United States Unit Marches
In the album notes for the Company’s LP recording “The Army in the West, 1870–1890” Founder Harold L. Peterson identifies “The Girl I Left Behind Me” as the regimental march of the 7th U.S. Infantry. He also identifies “Buffalo Soldiers” and “Garryowen” as the regimental songs of the 10th and 7th Cavalry, respectively.
“Buffalo Soldiers” (or “The Buffaloes”) is still the song of the 10th Cavalry. It is played or sung to the tune of Stephen Foster’s “Camptown Races.” I can’t find, however, that it has been musically arranged as a march, official or otherwise. See http://www.first-team.us/journals/10thrgmt/
“Garryowen” became the official “air” of the 1st Cavalry Division in 1981, so it evidently doesn’t belong exclusively to the division’s 7th Cavalry Regiment anymore. Since it is also used as a march it is presumably the official march of the division as well.
“Garryowen” was also the unofficial song and march of the 165th Infantry Regiment (69th New York). It may have been adopted as early as 1851. The 7th Cavalry’s web site informs that the regiment is “now officially the 1st Battalion, 69th Infantry (Mechanized), and is part of the 42nd Infantry Division.” I don’t know how or when this reorganization came about. See http://www.us7thcavalry.com/legend.htm
Garryowen (from Garrai Eoin: “John’s Garden”) is a patch of ground near Limerick, Ireland, that became notorious as a gathering point for such rowdy elements as the Garryowen Boys. The song celebrates their dubious achievements.
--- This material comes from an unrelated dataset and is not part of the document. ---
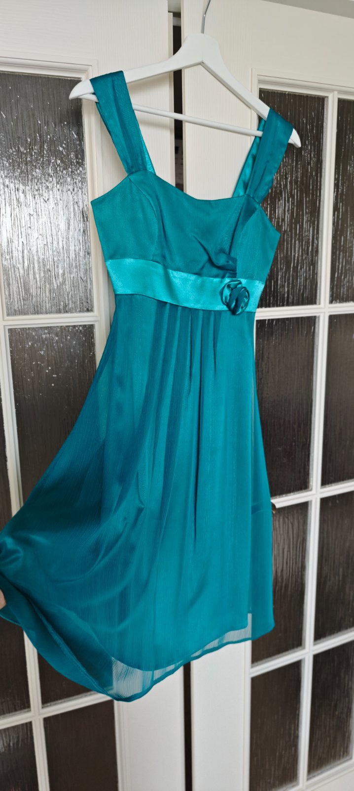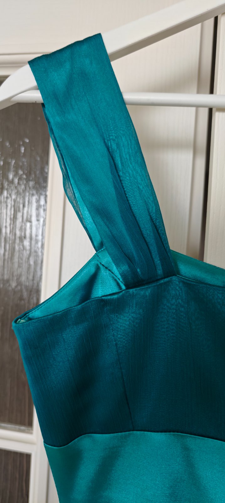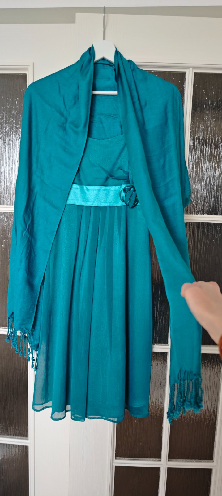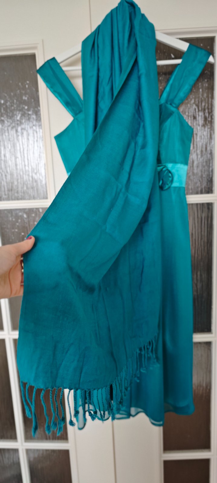 Predám tieto ani raz nepoužité koktejlové šaty petrolejovej farby vo veľkosti 36. Boli kupované v butiku so spoločenskými šatami. Strih od pásu do A. Zapínanie vzadu na krycí zips. Mám aj úplne nové bolerko vo veľkosti S, ak by bol záujem a úplne nový šál /štólu rovnakej, petrolejovej farby, ako šaty, štóla je z príjemného, padavého materiálu.

“Garryowen” was originally used by the British Army’s 18th Royal Irish Regiment, raised in 1684.
Any corrections or additional information to the above would be appreciated.
Also welcome would be information about other U.S. unit marches that are based on familiar, if not strictly traditional, airs rather than original marches composed for specific units. The Marines’ Hymn comes to mind, but that is dealt with elsewhere in this Forum.